Star Designer Dieter Rams Thinks We're Buying Too Much Stuff

Gary Hustwit's new documentary, Rams, profiles the famous product designer, who has some stern words about our endless quest to acquire shiny objects.
Image may contain Dieter Rams Human Person Furniture Table Desk and Machine
Famed product designer Dieter Rams is the subject of Rams, a new documentary by Helvetica and Objectified director Gary Hustwit.Gary Hustwit

On a recent weeknight at New York City’s Museum of Modern Art, the celebrated German designer Dieter Rams ambled up to a podium in his uniform of a black shirt, thinning silver bowl cut, and cane. He was there to introduce a movie, of which he is begrudgingly but indisputably the star.

“The film has my name, but it’s less about me, and more about my chief concerns,” the 86-year-old said with characteristic self-effacing charm.

Rams, who is famous for his clean-lined designs for home goods companies like Braun and Vitsoe, has many concerns—the state of the world, the state of design, the way our appetite for shiny, new things is leading us down a gluttonous path of destruction—and he voices all of them in the new documentary Rams.

The film is the newest from Gary Hustwit, who serves as the design world’s de-facto documentarian having made the lauded Urbanized, Objectified, and Helvetica. Unlike Hustwit’s other films, which center around concepts, theories, and ideas, Rams is very much a portrait of a person, despite its subject’s protestations.

Filmed over the course of nearly three years, the film follows the notoriously guarded Rams more than two decades after his tenure as Braun’s head of design ended. We observe him, aging but energized, padding around his austere home, which is filled with many objects of his own creation. We see him sweetly interact with his wife, who refused to be interviewed for the film to maintain her privacy. We watch him dance—sunglasses on!—with abandon (or as much as he’s capable of) to jazz in his home office.

The documentary is intimate and personal. It reveals a playful side of the designer that most people never see, and that many assume doesn’t exist given his famously sober aesthetic. But Rams goes beyond mere character study; it’s also a film with an agenda. “I framed it for him as a way to get his ideas about sustainability and consumerism and design out there for the next generation,” Hustwit says about the process of getting Rams to agree to the documentary. “I think that’s Dieter’s biggest regret, or what he’s most frustrated by—that he hasn’t been able to do enough to get that message out.”

Rams’ message is probably best summarized by his now famous catchphrase: “Less, but better.” Rams has always designed with an eye towards minimalism, but in the 1970s he began to explicitly rail against “thoughtless consumerism”— an idea that in retrospect looks healthy compared to today’s landscape of one-click orders and Dash buttons. There’s a tension to that sentiment, of course. Rams’ job was ostensibly to design products that would sell and make the companies money, but he aimed to design them in such a way that allow more space for “real life,” as he describes it. In Rams view, buying something should always be a choice, not a compulsion.

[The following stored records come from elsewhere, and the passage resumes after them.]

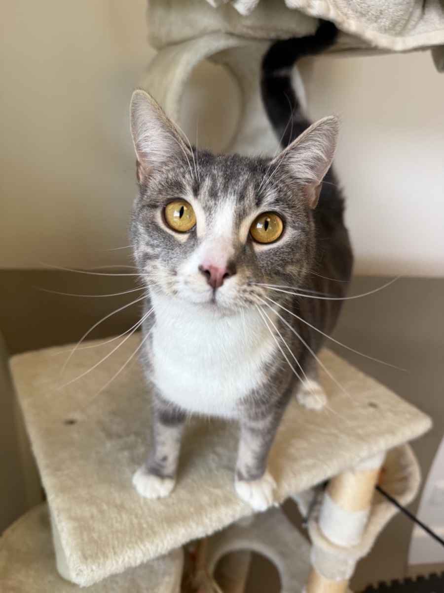 At just around 1 year old, Gandalf may not come with a staff or a long grey beard, but he does bring plenty of magic into every room he enters. With soft silver fur and wise, curious eyes, Gandalf is a playful, affectionate young cat who’s ready to cast a love spell on his forever family.
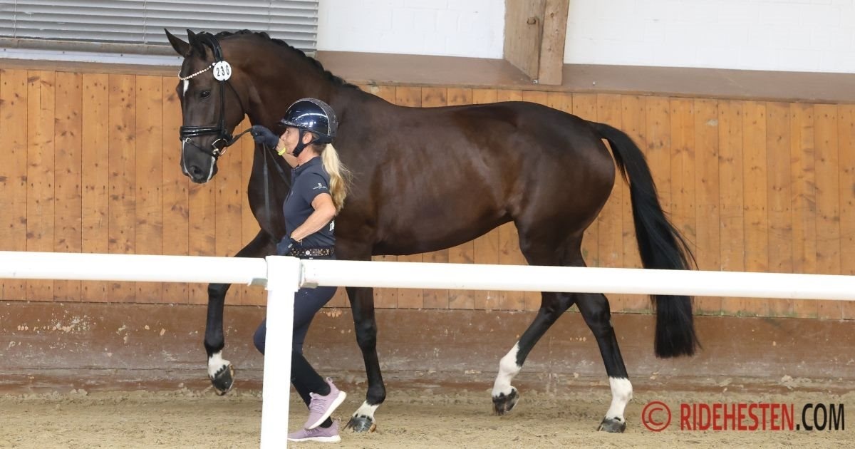 Guldmedaljehoppen Brandtbjergs Divya var helt overlegen og fuldstændig upåvirket af al virakken. Hun var fokuseret på Anders Hoeck, som leverede en overlegen mønstring for dyrlæger og dommere. Alle dansk varmblodsheste gik glat igennem, og nu får hestene et par timers pause i stalden, inden opvisningsbanen åbnes for træning.
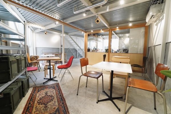 工場跡をリノベーションしたカフェをロケ地として利用できます。開放的な空間とキッチンカー、こだわりのアンティーク家具や暖炉が特徴。屋上利用も相談可能。
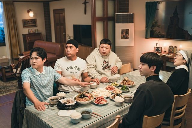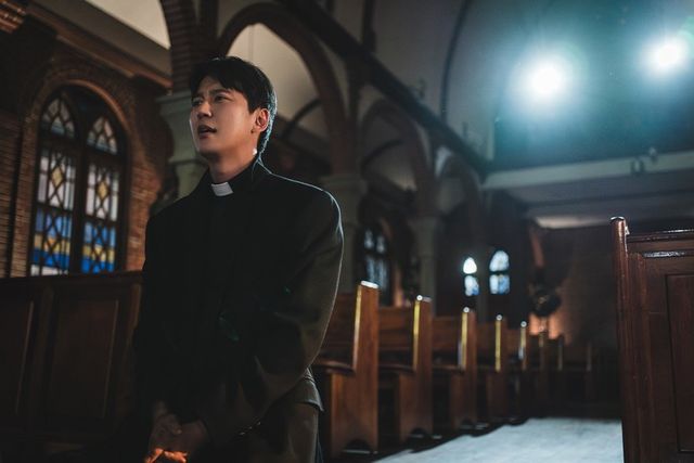 첫 방송을 단 이틀 앞둔 가운데 김남길이 경건한 식사 시간 중 특유의 급발진을 일으킨 ‘출격 준비’ 현장이 공개됐다. 극 중 구담 성당 식당에 모인 ‘구벤져스’ 멤버들이 화기애애한 식사를 즐기는 장면. 그러나 순간 김치 냉장고 위에 앉아 있던 김해일이 구대영(김성균), 오요한(고규필), 쏭삭(안창환), 김수녀(백지원), 한신부(전성우)를 지켜보다 갑자기 버럭 해 모두를 놀라게 한다. 더욱이 이후 김해일이 한밤중에 홀로 성전에 들어와 결연한 표정으로 죽은 이영준(정동환) 신부의 영정 앞에 무릎을 꿇고 한탄을 쏟아내며 눈물을 글썽이면서, 과연 김해일이 범상치 않은 행보를 보인 이유는 무엇일지 궁금증을 높인다.
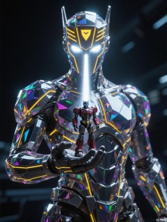 The image depicts a futuristic scene with a humanoid robot standing in the foreground. The robot is adorned with a highly reflective, multi-colored, geometric suit that gives it a futuristic and high-tech appearance. Its helmet features glowing yellow lines and a prominent triangular design on the forehead, emitting a bright beam of light that appears to be directed towards the robot's chest.
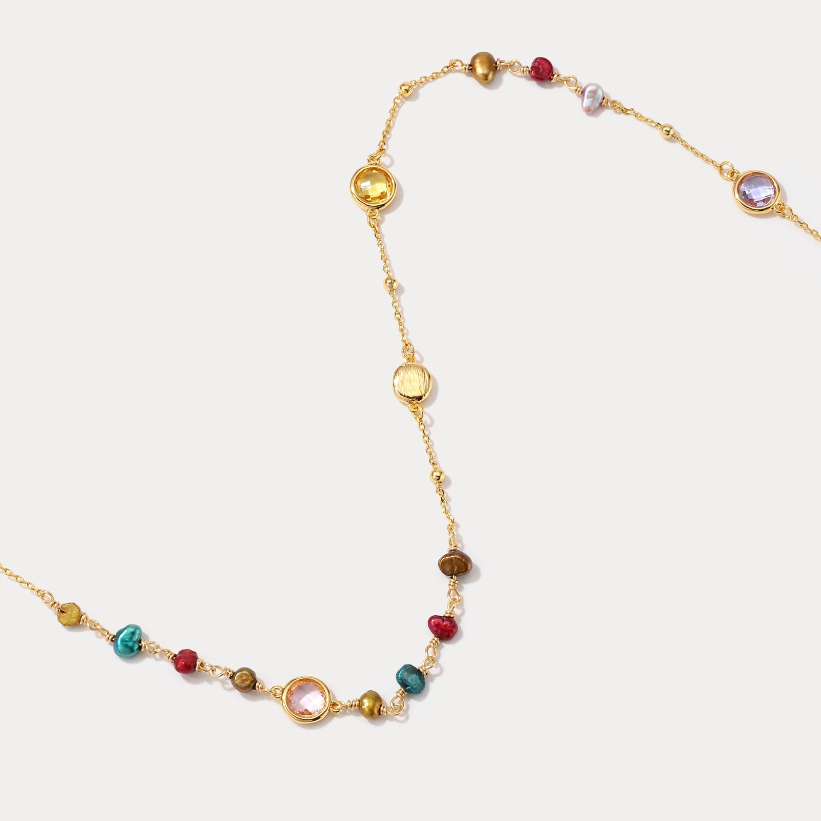 Embark on a vibrant journey with the Rainbow Station Beaded Necklace, a captivating piece of beaded jewelry celebrating nature's kaleidoscopic beauty. Handcrafted with freshwater pearls, cubic zirconia, and 18K gold-plated brass, this Multi Colored Pearl Necklace for Women features a mesmerizing array of pearl hues that dance with every movement. Strategically placed cubic zirconia stones add radiant sparkle, elevating the elegance of this versatile accessory that effortlessly complements any outfit. An exceptional gift idea for loved ones or a luxurious treat for oneself, this necklace is a cherished addition to any stone necklaces collection, embracing life's vibrant hues with style and confidence.
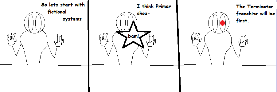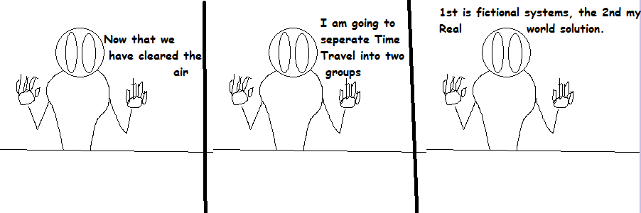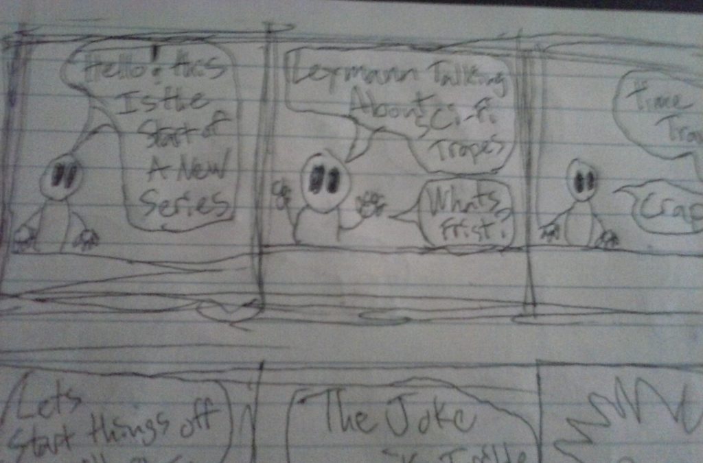 Panel 01 Host: “Hello! this is the start of a new series.” Panel 02 Host ” Layman Explaining Sci-Fi Tropes” Host “So What’s First?” Panel 03 Author “Time Travel” Host [dejected] “Crap”
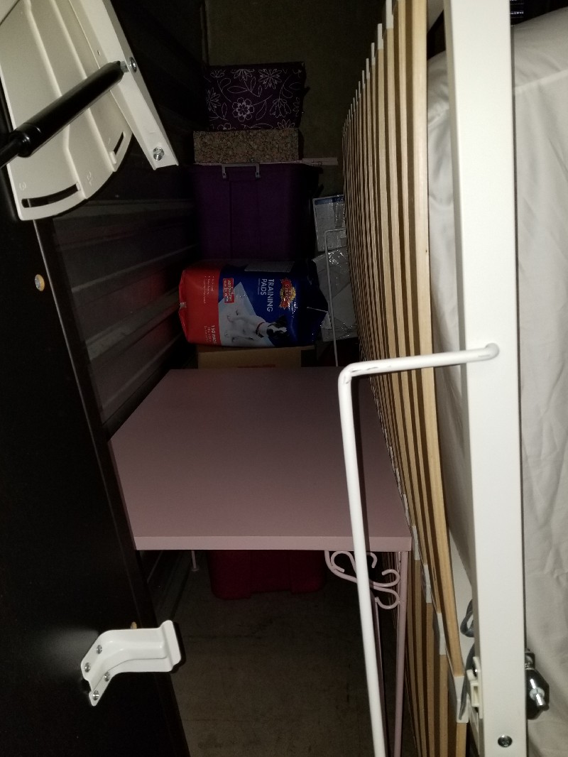 Featuring a beautiful pink desk, bedframe/mattress, a keyboard player, and a 150 pack of puppy training pads(Unsure if any missing)
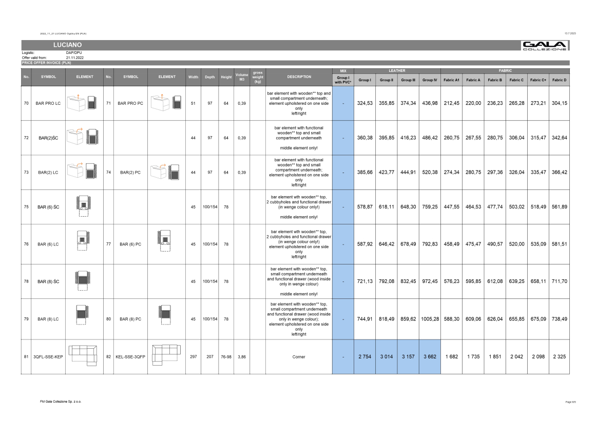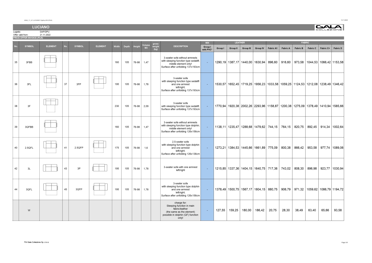Vo fotogalérii nájdete všetky moduly aj s cenami / ceny sú uvedené s DPH, v cenníku sú štyri cenové skupiny koží + šesť cenových skupín látok - všetky látky a kože nájdete ak si kliknete na vzorkovník /.
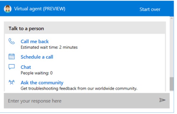 如果您不知道问题可能是什么,虚拟代理将无法帮助您。相反,请键入 Talk to an human 以获得Microsoft支持。这会将您连接到为Microsoft支持工作的真实人员。然后,在您指定虚拟助手没有帮助您之后 ,单击与人交谈。(Person)
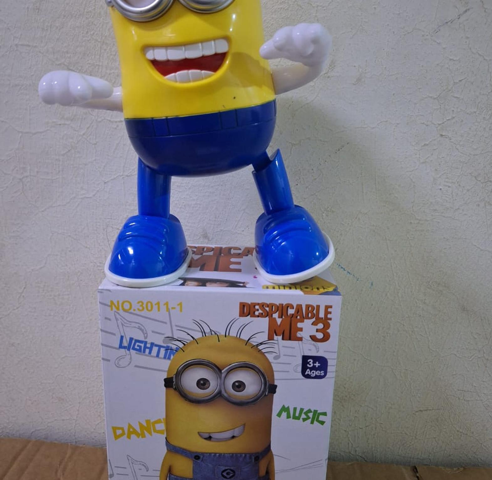 Dancing Movements: The minion toy wiggles and moves, often with rotating arms and eyes, creating a dynamic play experience. Lights and Music: It features flashing lights and plays catchy music or sound effects to stimulate visual and auditory senses. Character Design: The toy captures the appearance of a Minion from the Despicable Me franchise, with its iconic yellow body, goggle design, and blue overalls. Specifications: Material: Made from durable, non-toxic plastic. Power Source: Typically battery-operated, often requiring AA batteries (not included). Age Recommendation: Generally recommended for children aged 1+ or 3+ years, depending on the specific model. Features: May include an easy on/off switch, light-up eyes, and musical capabilities.
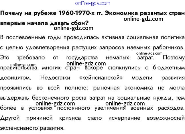 Готовые домашние задания по Истории за 11 класс Учебник Загладин, Петров Инновационная школа Базовый уровень 2014 - Вопросы в начале параграфа §40. Кризис «общества благосостояния» 1
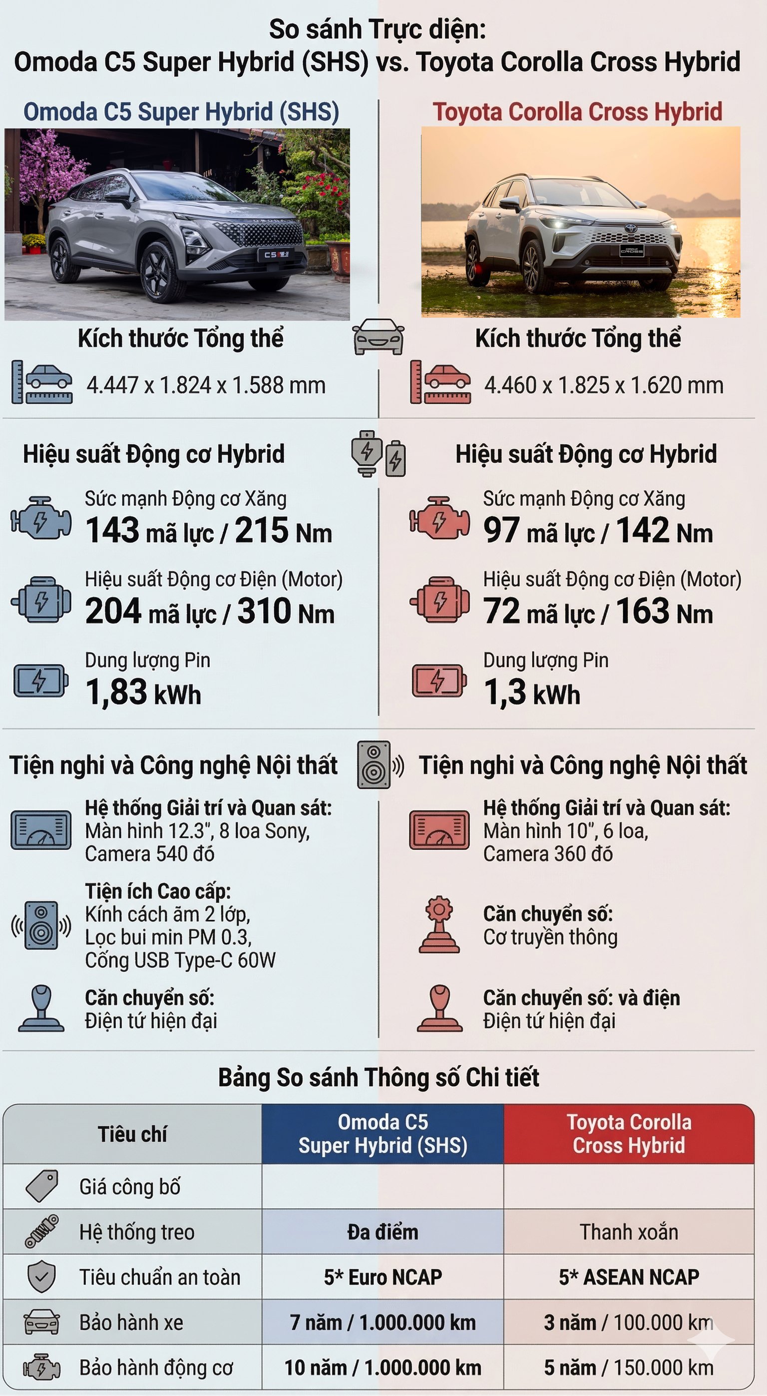Bảng So Sánh Trực Tiếp Omoda C5 Super Hybrid (SHS) Với Toyota Corolla Cross Hybrid
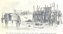 Davies atacó la sección de cabeza de la caravana, dos compañías de artillería, a 4 millas (6,4 km) al este de Paineville, y rápidamente acorraló a 300 soldados y otros tantos cocheros afroamericanos.[36] Los soldados de caballería de la Unión cortaron muchos caballos y mulas de sus rastros, capturaron cinco cañones Armstrong nuevos y quemaron más de 100 carros de provisiones. Los soldados de Davies destruyeron los suministros del mayor general Custis Lee, incluyendo toda la munición de repuesto.[37] Los vagones principales del tren que salió de Amelia Court House, incluyendo el equipaje del cuartel general de Fitzhugh Lee, los vagones del cuartel general de Robert E. Lee con muchos informes y algunas ambulancias y suministros médicos, también fueron capturados por los asaltantes de la Unión.[35][38] Los rezagados y los soldados enfermos finalmente se reunieron para detener la destrucción.[38]
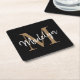 Girly Black Gold Monogram Elegant Modern Script Square Paper Coaster
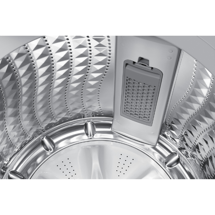 Bên trong, lồng giặt của máy được làm từ chất liệu thép không gỉ cực kỳ chắc chắn và bền bỉ. Hơn nữa chất liệu này khá ít bám bẩn nên việc vệ sinh lồng giặt cũng diễn ra nhanh chóng và dễ dàng hơn.
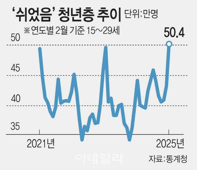 청년 실업률은 0.5%포인트 상승해 7.0%에 달했다. 2023년 3월(7.1%) 이후 처음으로 7%대 진입이다. 전체 실업률(3.2%)의 두 배가 훌쩍 넘는다. 일도 구직활동도 하지 않는 ‘쉬었음’ 청년은 50만 4000명으로, 2003년 통계 집계 이래 처음으로 50만명대를 넘어섰다.
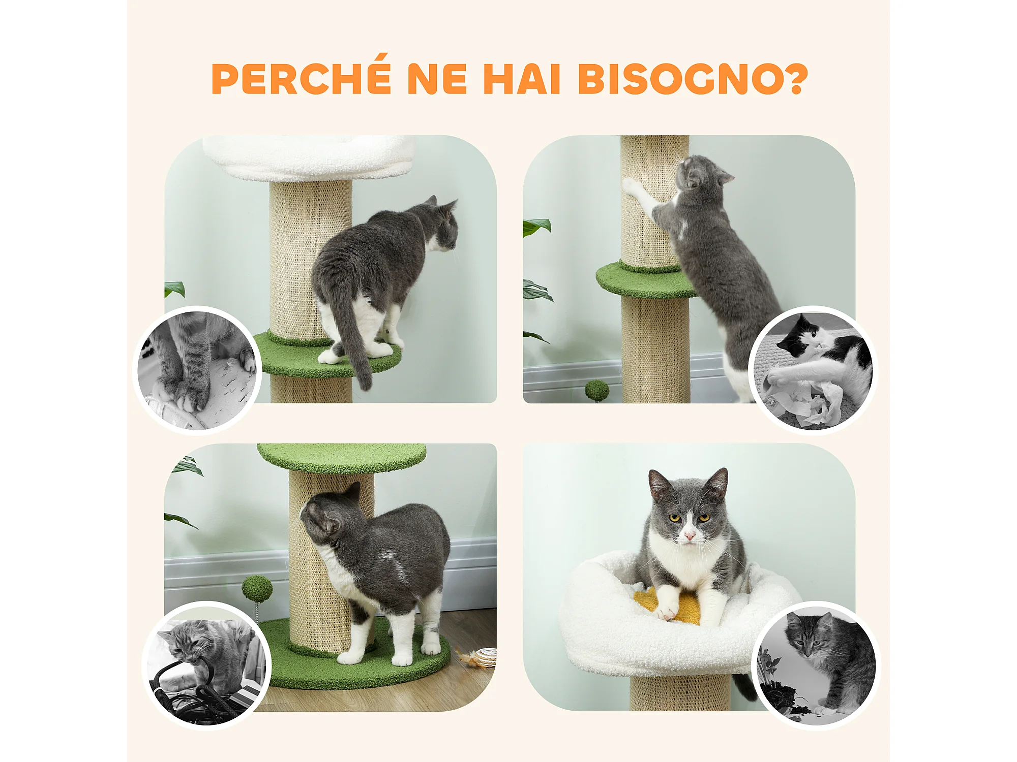 PawHut Albero per Gatti a forma di Cactus con Tiragraffi e Pallina
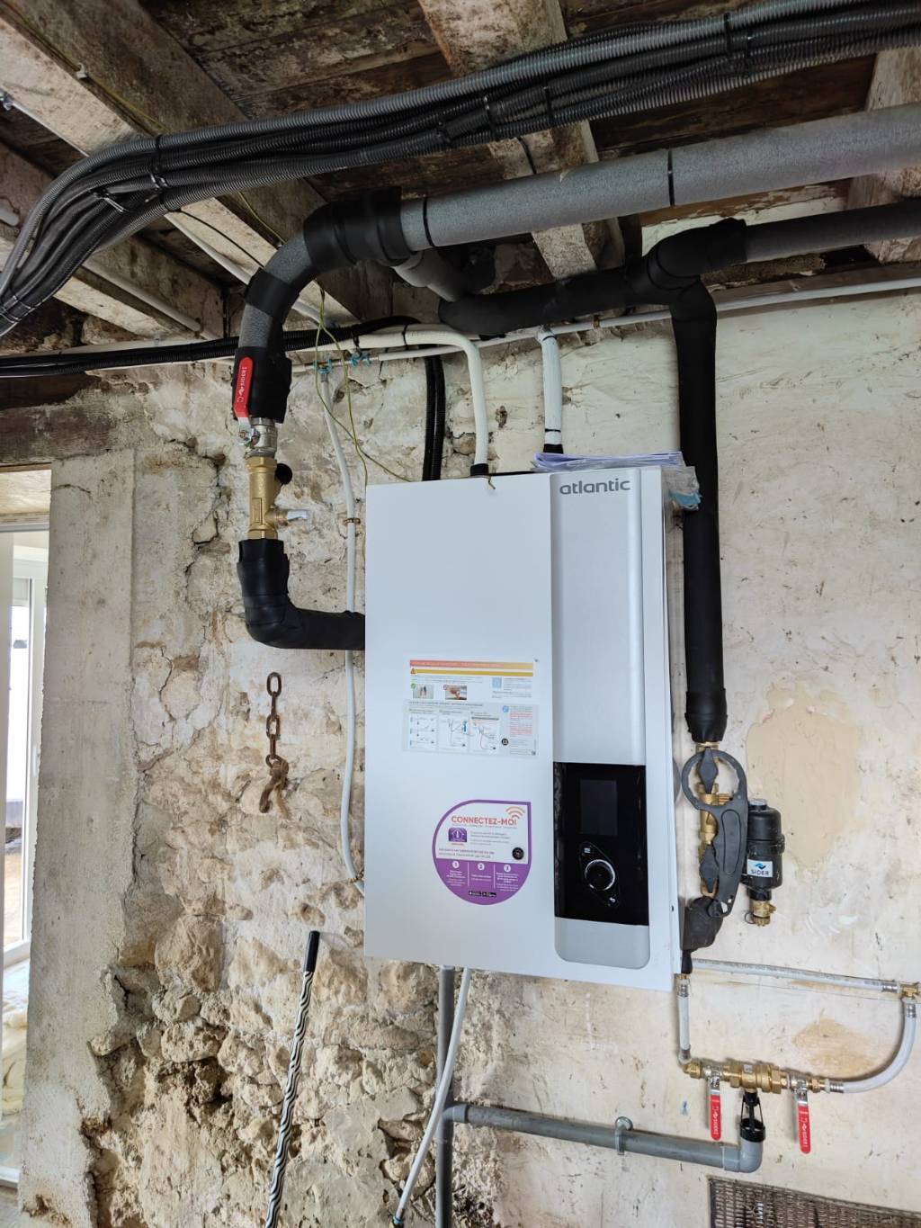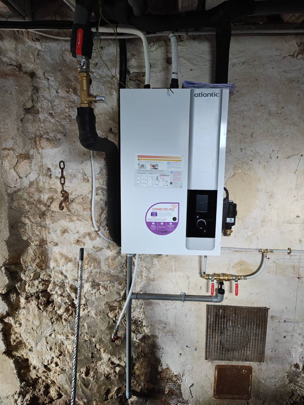 Nous avons remplacé une chaudière fioul autre qu'à condensation par une pompe à chaleur air/eau moyenne température de marque Atlantic modèle ALFEA EXCELLIA S 12 TRI en triphasé, pour le chauffage seul.

Understanding Rams’ dedication to utilitarianism requires traveling back in time to the 1950s, when he first started designing. Post-World-War-II Germany was a time of rebuilding. People had lost nearly everything during the war, and at the time Rams joined Braun’s design department in 1955, there was a genuine need for stuff—stuff to fill a kitchen and home; basic stuff to get life back on track.

Gary Hustwit
Gary Hustwit

Rams designed objects with an architect’s mentality. He believed objects should respect the space they existed within, and oftentimes that meant letting them fade into the background. The products he created—shelves, juicers, radios, chairs—abided by his ten principles for good design, a set of guidelines that includes dictums like “good design is honest” and “good design is as little design as possible.” If a speaker had a fuzzy covering, he’d strip it bare for a more “natural” sound. If a juicer had one function, it only needed one button: on or off.

It’s a principled stance that’s not just unimaginable in the time of perennially upgradeable gadgets and incessant push notifications—it also feel unsustainable given what we crave and what the market rewards. Rams’ ideals can be seen trickling to the surface in digital products like Google’s suite of well-being features and apps like Flipd that aim to help people manage their screen time, but those are merely scratching the surface. After years of excess, Silicon Valley is finally attempting to reckon with its questionable decisions with half-hearted ethical interface tweaks that make people more conscious of just how addicted they are to their devices. Even Apple, often thought of as the closest descendant of Rams’ design philosophy, can’t hide behind its clean aesthetics given it holds several events every year for the sole purpose of getting people to buy more stuff.

There’s a moment in Hustwit's film where Rams is walking down the street in London and he wanders into an Apple store. People buzz around him, in a flurry of excitement while he stoically pokes at an iPhone. The scene is, by design, a perfectly crafted commentary on modern life and our inability to stop the spiral of more products, more apps, more time wasted. Leaving the store, Rams reflects on the way humanity has changed since he began designing, and what’s at risk when we engage in unbridled abundance. “There’s no future with so many redundant things.” he says. “Less but better is not just a design concept—it’s also about our behavior.”